Our analysis also has several limitations which should be accounted for while using these results for policy making. For instance, this analysis has only used one wave for the national health accounts, as the other waves have used different recall periods for outpatient care. As explained above in the methodology section, this was causing great variation in the average OOP expenditure across different waves and would make it impossible to interpret the results while controlling for any bias due to reporting periods. Therefore, our findings are a snapshot in time. In addition, because the recall period for outpatient care was only three months, it is not possible to investigate outpatient utilization rates. Instead, we could only estimate the percentage of care sought in either the public or private sectors among those who sought outpatient care.
We have also drawn limited conclusions on the reasons for utilizing healthcare, as approximately half of the encounters for inpatient and outpatient care were classified as ‘other’ for the variable on type of disease, and other categories were labelled poorly, such as one which was classified as “women’s issues”. It was unclear whether there is any overlap between the diseases categorized as other and the current categories. As a result, we can make limited conclusions on the disease specific utilization and related OOP expenditures.

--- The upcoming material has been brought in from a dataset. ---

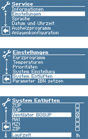 Norėdami tai padaryti, eikite į Service > Settings > Vent system ir pažymėkite BOSUP ventiliatoriaus langelį. Ventiliatorius įsijungia iš karto po patvirtinimo. Jis veikia visą nustatytą laiką arba gali būti baigtas rankiniu būdu panaikinus varnele Fan BOSUP.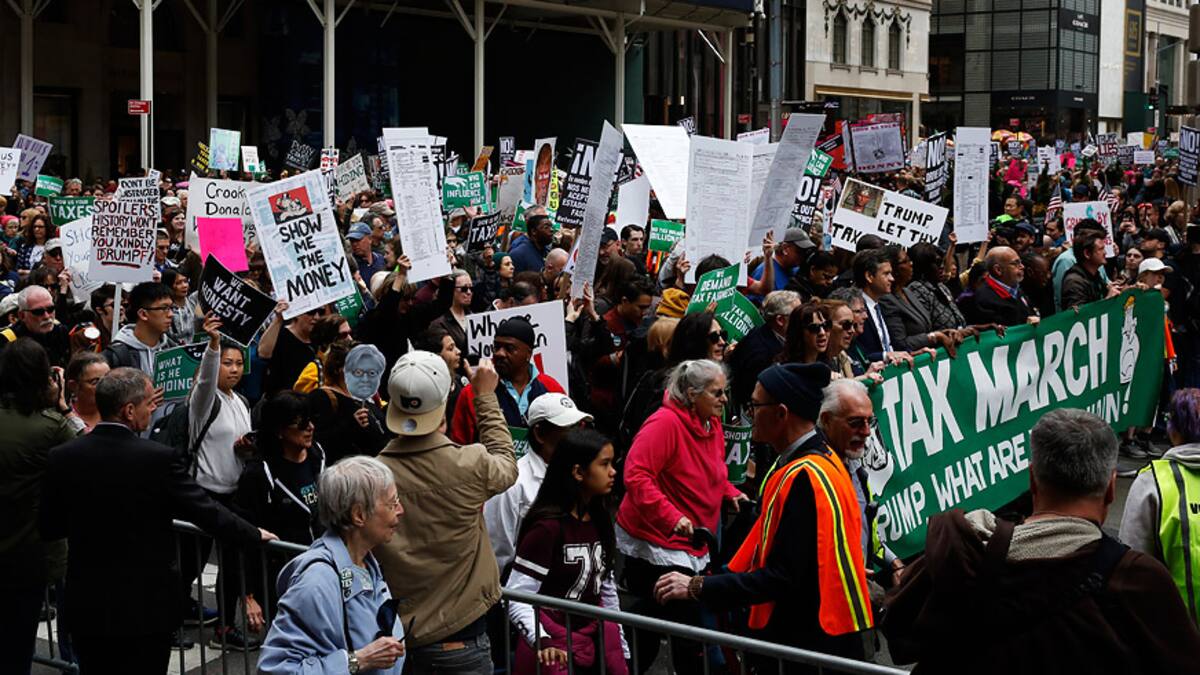 Miles de manifestantes se congregaron el sábado en varias ciudades de Estados Unidos para presionar al presidente Donald Trump a que publique su declaración de impuestos, un acto de transparencia que se ha negado a realizar.

Lastly, this analysis is based on data collected prior to the implementation of social health protection programs in Pakistan. These results for OOP expenditures and its determinants for inpatient care may have changed after the implementation of the programs, but this is not expected to have a large impact on the overall results since both the utilization and OOP expenditures were mostly for outpatient care, which is not covered in the social health protection programs. An important area of future research would be to replicate the analysis using the out-of-pocket expenditure dataset to be published by Pakistan Bureau of Statistics in mid-2020 and assess the impact of the programs.